#### Supplied records

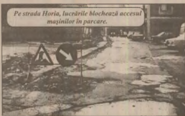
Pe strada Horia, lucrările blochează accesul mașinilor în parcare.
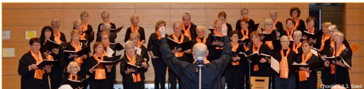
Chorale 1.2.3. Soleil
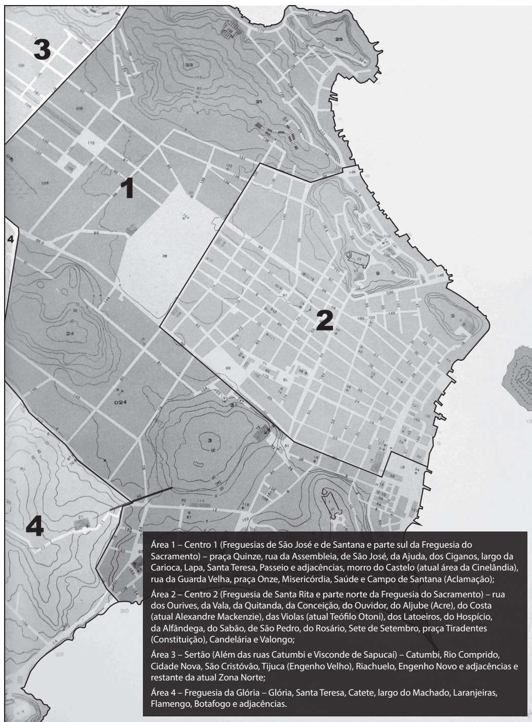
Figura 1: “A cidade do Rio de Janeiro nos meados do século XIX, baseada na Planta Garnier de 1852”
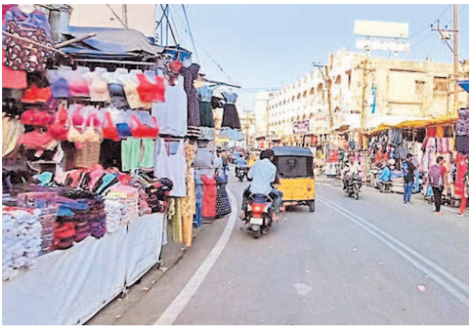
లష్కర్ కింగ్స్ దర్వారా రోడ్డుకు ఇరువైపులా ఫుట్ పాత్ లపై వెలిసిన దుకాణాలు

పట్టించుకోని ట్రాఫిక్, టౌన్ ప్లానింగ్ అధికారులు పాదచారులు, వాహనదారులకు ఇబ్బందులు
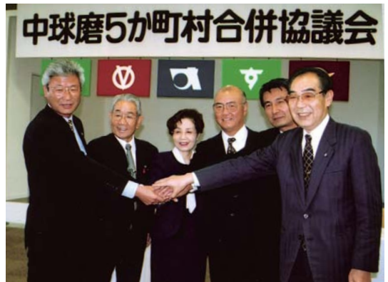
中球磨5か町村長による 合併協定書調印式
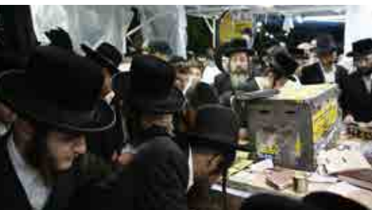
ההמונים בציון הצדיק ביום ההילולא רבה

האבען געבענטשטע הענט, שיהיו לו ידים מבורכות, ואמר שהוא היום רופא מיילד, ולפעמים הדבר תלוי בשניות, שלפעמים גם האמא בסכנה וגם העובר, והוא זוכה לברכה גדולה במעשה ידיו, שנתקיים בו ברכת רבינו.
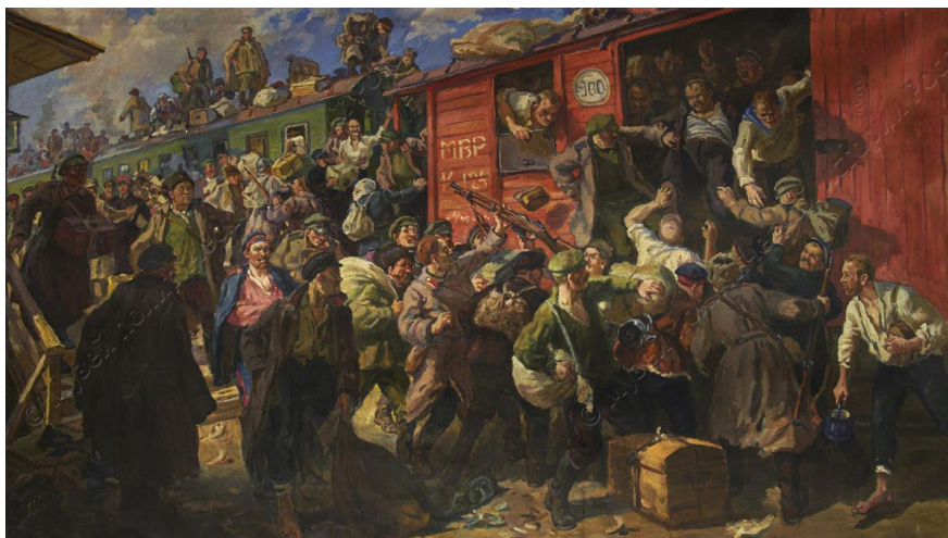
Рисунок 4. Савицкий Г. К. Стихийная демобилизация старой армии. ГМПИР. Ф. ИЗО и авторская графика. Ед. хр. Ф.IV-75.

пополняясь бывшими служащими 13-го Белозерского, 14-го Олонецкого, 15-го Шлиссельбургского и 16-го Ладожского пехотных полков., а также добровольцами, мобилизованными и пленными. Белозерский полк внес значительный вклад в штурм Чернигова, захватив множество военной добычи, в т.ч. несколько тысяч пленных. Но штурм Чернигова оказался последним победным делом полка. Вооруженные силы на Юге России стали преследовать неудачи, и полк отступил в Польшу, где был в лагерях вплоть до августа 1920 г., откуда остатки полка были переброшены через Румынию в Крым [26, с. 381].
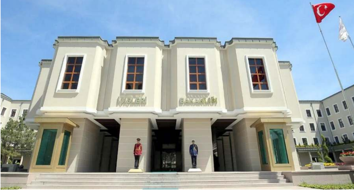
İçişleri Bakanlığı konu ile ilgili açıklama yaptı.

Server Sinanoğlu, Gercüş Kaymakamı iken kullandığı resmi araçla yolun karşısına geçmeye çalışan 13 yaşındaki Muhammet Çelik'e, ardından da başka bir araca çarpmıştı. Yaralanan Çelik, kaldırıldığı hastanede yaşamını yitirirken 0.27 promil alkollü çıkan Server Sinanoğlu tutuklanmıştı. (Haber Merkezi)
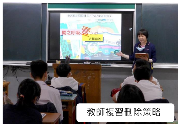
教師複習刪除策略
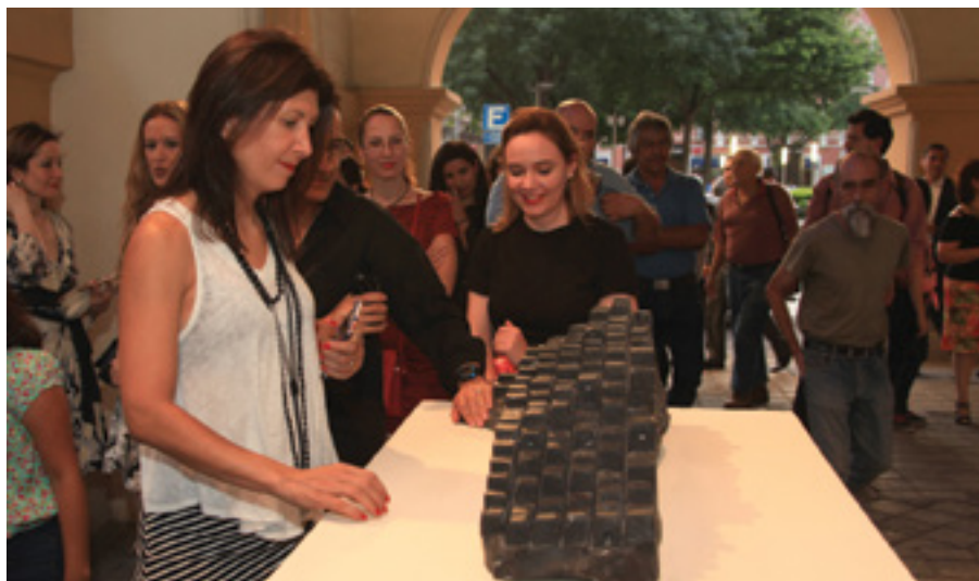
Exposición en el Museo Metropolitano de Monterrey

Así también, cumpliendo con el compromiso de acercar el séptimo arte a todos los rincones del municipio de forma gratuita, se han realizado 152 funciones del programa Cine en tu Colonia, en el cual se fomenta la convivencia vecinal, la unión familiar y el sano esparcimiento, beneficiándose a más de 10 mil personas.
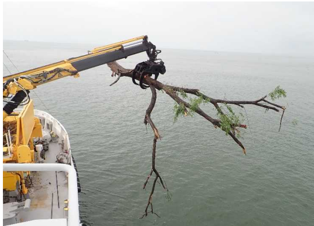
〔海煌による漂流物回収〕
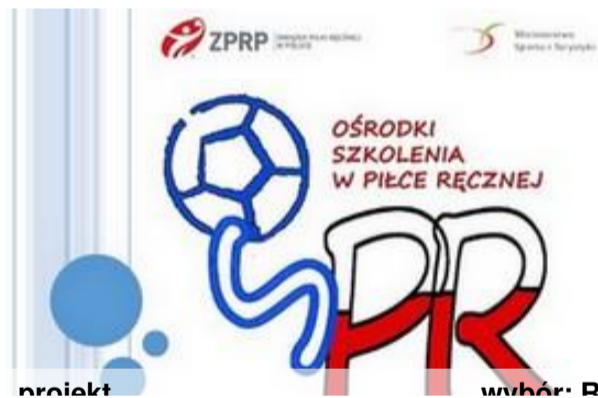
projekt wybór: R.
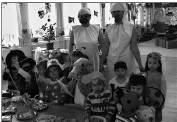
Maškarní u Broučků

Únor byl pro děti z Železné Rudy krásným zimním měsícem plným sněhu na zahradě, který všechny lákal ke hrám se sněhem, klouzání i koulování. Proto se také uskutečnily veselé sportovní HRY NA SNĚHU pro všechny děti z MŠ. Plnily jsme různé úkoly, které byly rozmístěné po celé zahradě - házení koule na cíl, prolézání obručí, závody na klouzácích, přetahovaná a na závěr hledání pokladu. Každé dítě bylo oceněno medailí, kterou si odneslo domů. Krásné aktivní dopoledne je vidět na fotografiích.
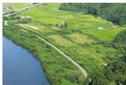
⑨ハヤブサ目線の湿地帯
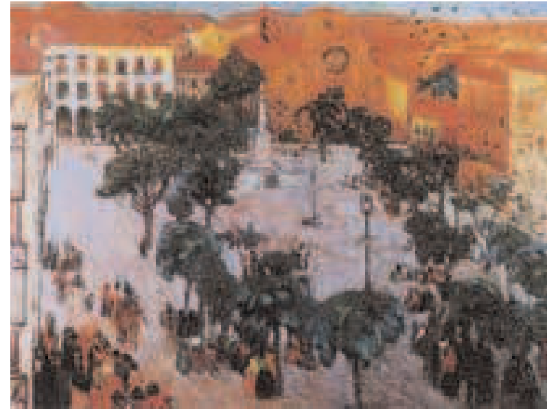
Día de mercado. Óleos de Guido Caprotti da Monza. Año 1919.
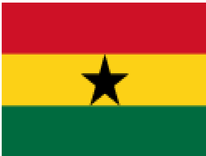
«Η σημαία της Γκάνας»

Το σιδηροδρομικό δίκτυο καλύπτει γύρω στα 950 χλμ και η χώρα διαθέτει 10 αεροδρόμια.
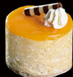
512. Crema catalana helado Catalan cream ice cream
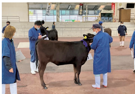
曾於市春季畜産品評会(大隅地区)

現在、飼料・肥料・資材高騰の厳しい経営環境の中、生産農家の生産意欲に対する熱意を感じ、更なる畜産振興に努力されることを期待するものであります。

########

▶ **Activity**:
Restate the data word for word without pictures.

▶ **Task output**:
Pe strada Horia, lucrările blochează accesul mașinilor în parcare.
Chorale 1.2.3. Soleil
Figura 1: “A cidade do Rio de Janeiro nos meados do século XIX, baseada na Planta Garnier de 1852”
లష్కర్ కింగ్స్ దర్వారా రోడ్డుకు ఇరువైపులా ఫుట్ పాత్ లపై వెలిసిన దుకాణాలు

పట్టించుకోని ట్రాఫిక్, టౌన్ ప్లానింగ్ అధికారులు పాదచారులు, వాహనదారులకు ఇబ్బందులు
中球磨5か町村長による 合併協定書調印式
ההמונים בציון הצדיק ביום ההילולא רבה

האבען געבענטשטע הענט, שיהיו לו ידים מבורכות, ואמר שהוא היום רופא מיילד, ולפעמים הדבר תלוי בשניות, שלפעמים גם האמא בסכנה וגם העובר, והוא זוכה לברכה גדולה במעשה ידיו, שנתקיים בו ברכת רבינו.
Рисунок 4. Савицкий Г. К. Стихийная демобилизация старой армии. ГМПИР. Ф. ИЗО и авторская графика. Ед. хр. Ф.IV-75.

пополняясь бывшими служащими 13-го Белозерского, 14-го Олонецкого, 15-го Шлиссельбургского и 16-го Ладожского пехотных полков., а также добровольцами, мобилизованными и пленными. Белозерский полк внес значительный вклад в штурм Чернигова, захватив множество военной добычи, в т.ч. несколько тысяч пленных. Но штурм Чернигова оказался последним победным делом полка. Вооруженные силы на Юге России стали преследовать неудачи, и полк отступил в Польшу, где был в лагерях вплоть до августа 1920 г., откуда остатки полка были переброшены через Румынию в Крым [26, с. 381].
İçişleri Bakanlığı konu ile ilgili açıklama yaptı.

Server Sinanoğlu, Gercüş Kaymakamı iken kullandığı resmi araçla yolun karşısına geçmeye çalışan 13 yaşındaki Muhammet Çelik'e, ardından da başka bir araca çarpmıştı. Yaralanan Çelik, kaldırıldığı hastanede yaşamını yitirirken 0.27 promil alkollü çıkan Server Sinanoğlu tutuklanmıştı. (Haber Merkezi)
教師複習刪除策略
Exposición en el Museo Metropolitano de Monterrey

Así también, cumpliendo con el compromiso de acercar el séptimo arte a todos los rincones del municipio de forma gratuita, se han realizado 152 funciones del programa Cine en tu Colonia, en el cual se fomenta la convivencia vecinal, la unión familiar y el sano esparcimiento, beneficiándose a más de 10 mil personas.
〔海煌による漂流物回収〕
projekt wybór: R.
Maškarní u Broučků

Únor byl pro děti z Železné Rudy krásným zimním měsícem plným sněhu na zahradě, který všechny lákal ke hrám se sněhem, klouzání i koulování. Proto se také uskutečnily veselé sportovní HRY NA SNĚHU pro všechny děti z MŠ. Plnily jsme různé úkoly, které byly rozmístěné po celé zahradě - házení koule na cíl, prolézání obručí, závody na klouzácích, přetahovaná a na závěr hledání pokladu. Každé dítě bylo oceněno medailí, kterou si odneslo domů. Krásné aktivní dopoledne je vidět na fotografiích.
⑨ハヤブサ目線の湿地帯
Día de mercado. Óleos de Guido Caprotti da Monza. Año 1919.
«Η σημαία της Γκάνας»

Το σιδηροδρομικό δίκτυο καλύπτει γύρω στα 950 χλμ και η χώρα διαθέτει 10 αεροδρόμια.
512. Crema catalana helado Catalan cream ice cream
曾於市春季畜産品評会(大隅地区)

現在、飼料・肥料・資材高騰の厳しい経営環境の中、生産農家の生産意欲に対する熱意を感じ、更なる畜産振興に努力されることを期待するものであります。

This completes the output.